At Wonder-Con, writer James Robinson announced that Jesse would be joining the Justice League of America as part of DC's Brightest Day event. This development occurred at the conclusion of the JLA/JSA crossover, The Dark Things, with Batman asking Jesse to join the JLA to fill her old friend Wally West's role as the team speedster.

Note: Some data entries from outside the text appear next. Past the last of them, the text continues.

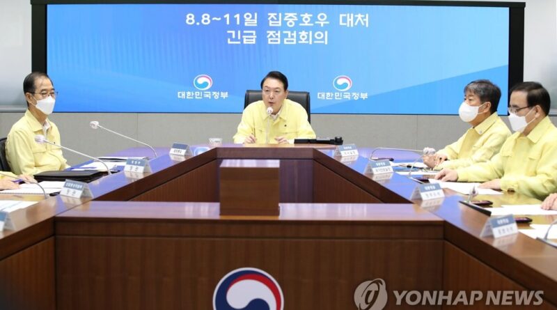 SEOUL, Aug. 9 (Yonhap) — President Yoon Suk-yeol presided over an emergency meeting Tuesday to respond to the heaviest rainfall in 80 years that left seven people dead and six others missing, his office said.
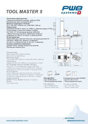 1300 mmZ600:860 mm mm1600Z1000:Z900 /845 mm770 mm 1060 mm TOOL MASTER 5 Технические характеристики: Гнездо для инструмента на выбор SK50 или SK40 Максимальная масса инструмента 80 кг Диапазон измеряемых значений: ось Х 400 / 600 / 1000 мм, ось Z 600 /900 / 1000 мм Подключение: Напряжение 90-264 В, перем. ток, 50/60 Гц, давление воздуха 4-6 бар ПК для EyeRay ® Falcon или EyeRay ® Buzzard: ELO 19C2, 19” 16:9 сенсорный дисплей, 4GB RAM, 1.66GHz Atom Dual Core D512, 160GB HDD. Windows 7 Professional. 6x USB 2.0, 2x RS232, 1x Ethernet (RJ45) ПК для проектора: Shuttle X50V2 plus, Intel Atom Dual Core, сенсорный дисплей15.6” , 2GB RAM / 160GB HDD. Windows 7 Professional. 4x USB 2.0, 1x Ethernet (RJ45), 2x RS 232, 1x параллель. Системы обработки изображений: EyeRay® Falcon, EyeRay® Buzzard или проектор. Принтер для этикеток Dymo 1000 mm Technical data:Basic holder either ISO50 or ISO40 R 825 Maximum tool weight 80 kg Measuring range: X-axis 400 / 600 / 1000 mm, Z-axis 600 / 900 / 1000 mm Connections: Voltage: 90-264 VAC 50/60 Hz, comressed air: 4-6 bar X400: 926 mm PC for EyeRay ® Falcon or EyeRay ® Buzzard:ELO 19C2, 19” 16:9 single touch screen, 4GB RAM, X600: 1026 mmX1000:1286 mm945 mm 1.66GHz Atom Dual Core D512, 160GB HDD. Windows 7 Professional. 6x USB 2.0, 2x RS232, 1x Ethernet (RJ45) PC for Projector: Shuttle X50V2 plus, Intel Atom Dual Core, 15.6” touch screen, 2GB RAM / 160GB HDD. Windows 7 Professional. 4x USB 2.0, 1x Ethernet (RJ45), 2x RS 232, 1x Parallel Image processing: TOOL MASTER 5 Инструментальный шкаф (x400/600) EyeRay ® Falcon, EyeRay ® Buzzard, or projector L,B,H 150x90x180 cm L,B,H 120 x 80 x 110 cm Printer: ~ 350 kg в деревянном ящике ~ 109 kg в деревянном ящике Dymo label printer TOOL MASTER 5 Tool cabinet (x400/600) L, W, H 150x90x180 cm L, W, H 120 x 80 x 110 cm ~ 350 kg in wooden crate ~ 109 kg in wooden crate ...высокая 6| wwww.wpww.pbw-sby-ssytestmemss.c.coomm эффективность
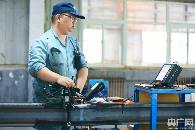外科“大夫”检查完了还需要内科“大夫”检查一遍,内科“大夫”的工作主要是运用超声波探伤仪,对接头的全身进行无损检测,通过超声波波形的变化进行判别,验证接头是不是有“病”,“病情”轻重如何。有“病”就开刀,把不达标的接头切掉,“无病”者给予健康证明,准许出厂。到这一步,一条焊接完成的钢轨就走完了所有的检测步骤,只等最终发往铺设现场。
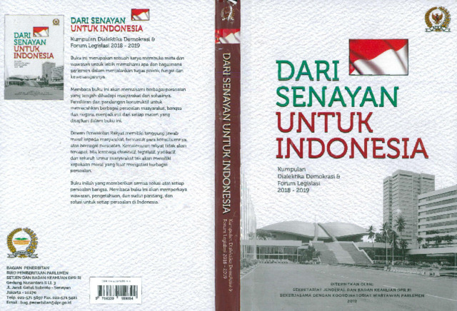 Buku Dari Senayan untuk Indonesia: Kumpulan Dialektika Demokrasi dan Forum Legislasi 2018–2019 memuat dokumentasi hasil diskusi, wawancara, dan ulasan media mengenai berbagai isu penting yang dibahas oleh DPR RI selama periode 2018–2019. Topik yang diangkat meliputi dinamika pembentukan undang-undang, isu ekonomi nasional, reformasi birokrasi, pembangunan daerah, serta partisipasi publik dalam proses legislasi. Melalui kumpulan narasi dan pandangan anggota dewan, buku ini mencerminkan semangat transparansi parlemen dalam menyampaikan gagasan kebijakan dan aspirasi masyarakat. Publikasi ini juga berfungsi sebagai media informasi dan edukasi publik mengenai fungsi legislasi dan demokrasi di Indonesia.
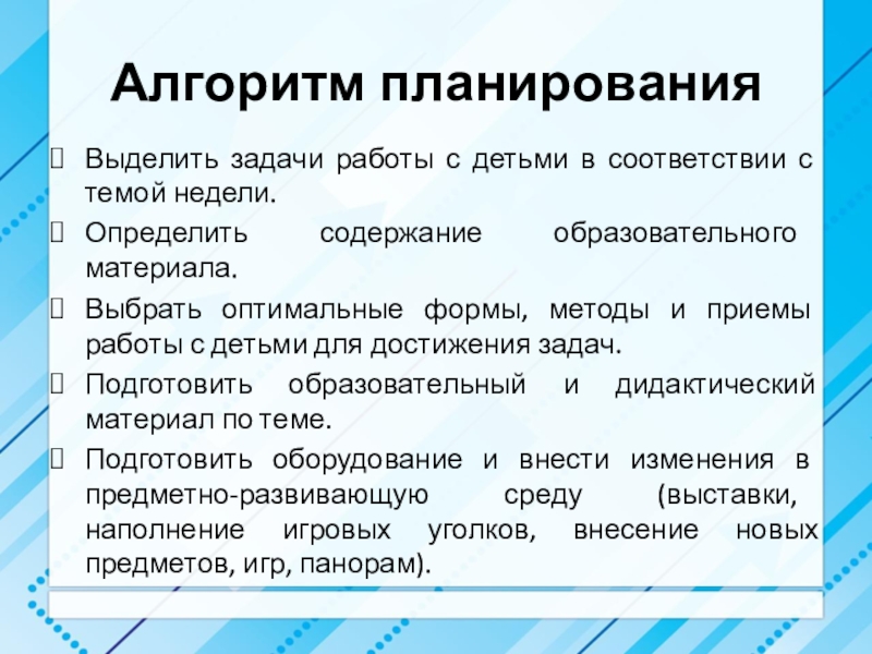 Выбрать оптимальные формы, методы и приемы работы с детьми для достижения задач.

During her tenure with the JLA, Jesse gradually begins to lose her speed abilities, and it is eventually revealed that this is due to her being pregnant. The League disbands shortly after this, and Jesse leaves to be with Rick. Jesse later gives birth during the Convergence mini-series.

=== The New 52 ===
After the Flashpoint when Barry resets the timeline, Jesse is among those erased by Doctor Manhattan's machinations when "The New 52" rebooted the DC universe. However, it is later revealed she is trapped in the Speed Force, in an area called the Starting Line with Max Mercury.

=== DC Rebirth ===
In 2016, DC Comics implemented a relaunch of its books called "DC Rebirth" which restored its continuity to a form much as it was prior to "The New 52". In "Doomsday Clock", Jesse in her Liberty Belle outfit is seen with the Justice Society when Doctor Manhattan undoes the experiment that erased the Justice Society of America and the Legion of Super-Heroes. This was later revealed as a failed attempt by Manhattan to repair the timeline.

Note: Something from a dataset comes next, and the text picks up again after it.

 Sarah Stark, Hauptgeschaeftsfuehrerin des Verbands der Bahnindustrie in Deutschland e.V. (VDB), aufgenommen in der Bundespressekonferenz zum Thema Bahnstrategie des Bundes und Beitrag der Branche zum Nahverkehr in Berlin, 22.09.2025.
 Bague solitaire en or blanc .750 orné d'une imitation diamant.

After his body is possessed by Eobard Thawne, Barry finally meets Jesse and Max. Initially his guilt warps his perception, seeing them as nightmarish monsters. Once he regains control of his body, Barry frees Jesse and Max from the Speed Force to finally be reunited with the Flash family. Jesse helps defeat the Legion of Zoom thereafter.

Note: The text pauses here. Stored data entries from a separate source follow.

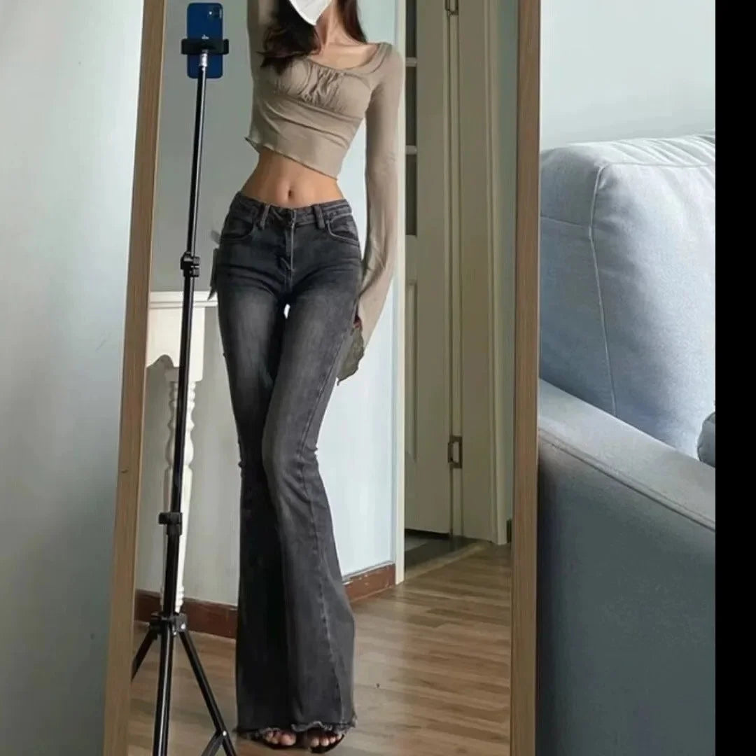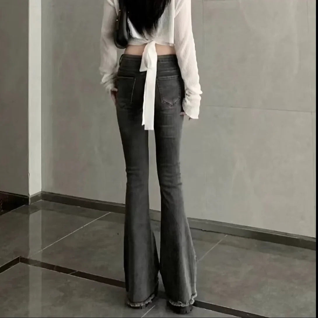 GETADME American Style Slimming Jeans Women's Spring Autumn Vintage Micro Flared Trousers Low Waist Elastic Body Shaping Waistband
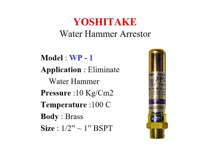 Yoshitake WP-1 Water Hammer Arrestor is meant to reduce the impact of Water Hammer when Valves are closed abruptly. The perfect installation is close to Point of Use / before Sink & Shower Valves. Water Hammer if not managed, will cause damage to Pipe Joint and leaks eventually. During hammering, causes large sound and vibration.
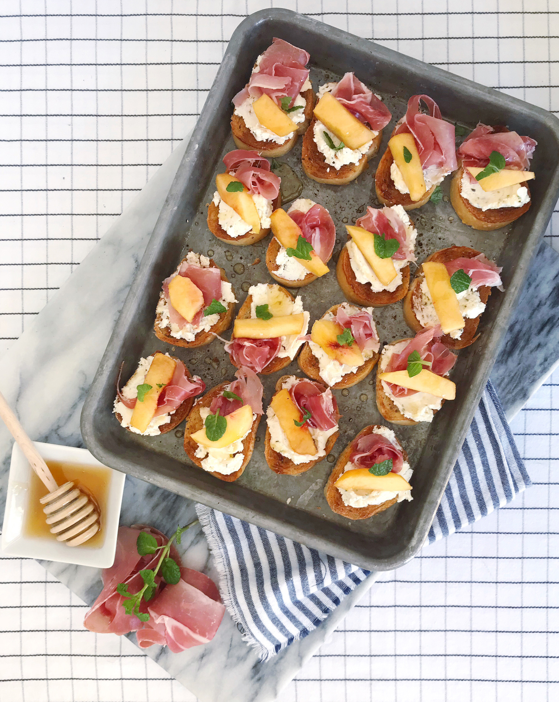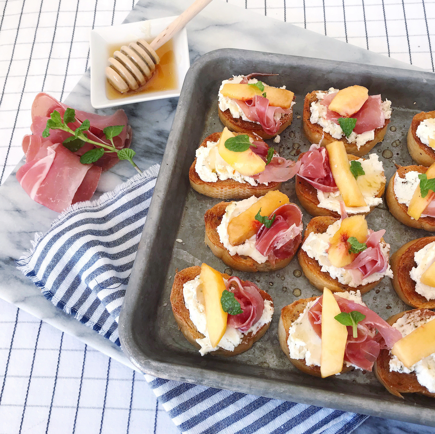 - Add a half a piece of prosciutto and a slice of peach to each toast, and then lightly drizzle with honey.
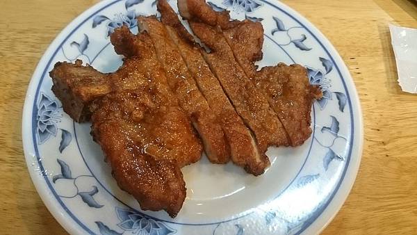 炸排骨,排骨裹的是薄粉,微酥略厚,一入口就能清楚感受到油炸過後的濃郁香氣,口感軟嫩,表現有在水準之上,比很多標榜專賣排骨的店家還要好吃,雖然專賣排骨店家的雞腿都比排骨好吃了~XD。

Jesse later unites with the Flash Family to search for a missing Barry Allen, jumping into a portal that transports herself and Max to a post-apocalyptic wasteland. There they meet an alternate Barry, the fastest driver in his universe.

==Powers and abilities==
Just like her father, Jesse has powers of flight and accelerated speed, resulting from the state of mind achieved from the visualization of the speed-formula: 3X2(9YZ)4A. Her powers are linked to the Speed Force. She also has her mother's super-strength, enabling her to lift great weights, such as a car, with ease. As with her mother, the mechanism of her super-strength remains unexplained, which irritated her father. She attributes her powers to a "mantra" like the formula used by her father to unlock his speed. She also has superhuman stamina, superhuman reaction/reflexes and superhuman agility. She heals much faster than a normal human, thus, having super healing.

==Other versions==
- A teenage version of Jesse Chambers appears in the anime-inspired Ame-Comi universe as its version of the Flash.
- On Earth-11, an adult Jesse Quick became the Flash, a member of the Justice Guild, and the aunt/mentor of Jess Chambers / Kid Quick.

==In other media==

Jesse Quick as she appears in The Flash.

- Characters based on Jesse Chambers appear in The Flash.
  - Jesse Chambers Wells / Jesse Quick appears in the second, third, fourth seasons, portrayed by Violett Beane. This version is a native of Earth-2 and daughter of Harry Wells who Zoom kidnapped to force him to steal Barry Allen's speed. After Barry and his allies rescue Jesse, who enters a relationship with Wally West, she is exposed to dark matter energy and temporarily falls into a coma amidst "Team Flash's" efforts to restore Barry’s speed. Barry later uses the Speed Force to revive her and defeats Zoom before she and Harry return to Earth-2, where Jesse becomes a speedster amidst her father's hesitation over her being a superhero. Eventually, he accepts her decision, gives her a super suit, and allows her to return to Earth-1 to study under Barry. Additionally, she protects Earth-3 for Jay Garrick while he is trapped in the Speed Force. As of the fourth season, Jesse returned to Earth-2, where she recruited a team to help her combat the last of Zoom's forces, and breaks up with West to focus on her work.
  - Jess Chambers appears in the series finale "A New World" Pt. 4, portrayed by Hana Destiny Huggins. She is chosen by Barry to become a speedster.
- Jesse Quick makes a cameo appearance in the Flash's ending in Injustice 2.
- Jesse Quick appears in Teen Titans Go! #52 as an alternate alias of Robby Reed after his H-Dial borrows Kid Flash's powers.